Finding Mid-Century Modern architecture in Palm Springs wasn't hard. There are stellar examples of the style on just about every street. Knowing that we wouldn't have much time while visiting Palm Springs, we'd done a little research to find a few must-see homes and buildings. We just wanted to get a taste of what visiting Palm Springs has to offer for Mid-Century Modern lovers.
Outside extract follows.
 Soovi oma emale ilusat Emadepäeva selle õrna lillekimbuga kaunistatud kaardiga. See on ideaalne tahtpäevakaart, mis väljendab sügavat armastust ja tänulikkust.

In preparation for our day trip to Palm Springs, I'd found a self-guided tour online at mid-century-modern.net, as well as a turn-by-turn tour at GPS my City. Using the guides we spent the day exploring Hollywood's Playground, driving past the former homes of stars like Marilyn Monroe, Elvis Presley and more. The more we explored, the more apparent it became that Palm Springs is the Mid-Century Modern Mecca. By the time we finished our tour we knew we'd be back for more.
A Taste of the Desert
We ventured into the city center for lunch, determined to find something uniquely, Palm Springs. After walking for a while along Palm Canyon Dr, we settled on a little sandwich spot with good reviews and a line stretched out of the door. The Sandwich Spot was unassuming, poorly air-conditioned and chaotic. But one bite of my sandwich, and it was all worth it.
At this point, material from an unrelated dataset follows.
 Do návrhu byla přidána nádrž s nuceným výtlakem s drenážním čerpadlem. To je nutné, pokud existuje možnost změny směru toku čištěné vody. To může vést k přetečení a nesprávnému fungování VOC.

Deceivingly simple, the menu offers over 25 specialty sandwiches including a make-your-own option. After what seemed like forever I eventually decided on the Dinah, a chicken/bacon/avocado on freshly-made Dutch Crunch bread. Trust me when I tell you to look past the line for what was truly an amazing dining experience. I highly recommend the Sandwich Spot for any sandwich lover.
Enjoying the Desert Art
With the heat beating down on us, we searched for shops and galleries to escape the sun. One that stuck out was the Nat Reed Gallery. Sticking with the Mid-Century Modern theme, we wandered into the brightly lit space and soon found ourselves ogling over the colorful art of Nat Reed. Reed's Googie style is entertaining, conjuring a time when outer space, tiki, and TV trays were mainstream. We lingered a little longer over the playful pieces, enjoying the air conditioning and the art equally.
Last but not least
After finding our way back to our car, we set out to explore a few more Mid-Century Modern attractions on our way out of town. The Bank of America building and the Washington Mutual Building drew us in, forcing us to take a few detours to circle back around for better views. We headed out of town with one final stop to make, having saved the best for last.
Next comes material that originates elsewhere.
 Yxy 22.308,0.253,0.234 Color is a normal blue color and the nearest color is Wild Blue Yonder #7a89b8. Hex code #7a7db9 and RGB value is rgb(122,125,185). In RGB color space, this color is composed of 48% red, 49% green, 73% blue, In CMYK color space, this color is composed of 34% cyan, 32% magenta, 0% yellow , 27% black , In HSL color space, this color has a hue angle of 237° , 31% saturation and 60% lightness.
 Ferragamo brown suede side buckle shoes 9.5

The Palm Springs Visitor Center welcomes newcomers like a homing beacon transporting visitors back to some space age past. The cantilevered roof protrudes space, floating effortlessly. Walking into the Visitor Center felt almost foreign. I halfway expected Don Draper to greet me and offer to show me around the stunning example of Mid-Century Modern architecture. But, alas, there was no Don Draper. Maybe he was riding the Palm Springs Aerial Tramway...
Our fill of desert heat and Mid-Century Modern architecture, we set off to return to Idyllwild for the night. As the palm trees disappeared in the rearview mirror I was already planning a way to return to Hollywood's Playground for more Mid-Century Modern fun.
Tip: Begin your visit at the Visitor's Center. Pick up your copy of the Map of Modern Palm Springs, a value at only $5. The map features over 80 homes and buildings and was created by the Palm Springs Modern Committee, who work diligently to preserve the best of Palm Springs Mid-Century Modern architecture. Don't want to stop for the map? Then check out the app!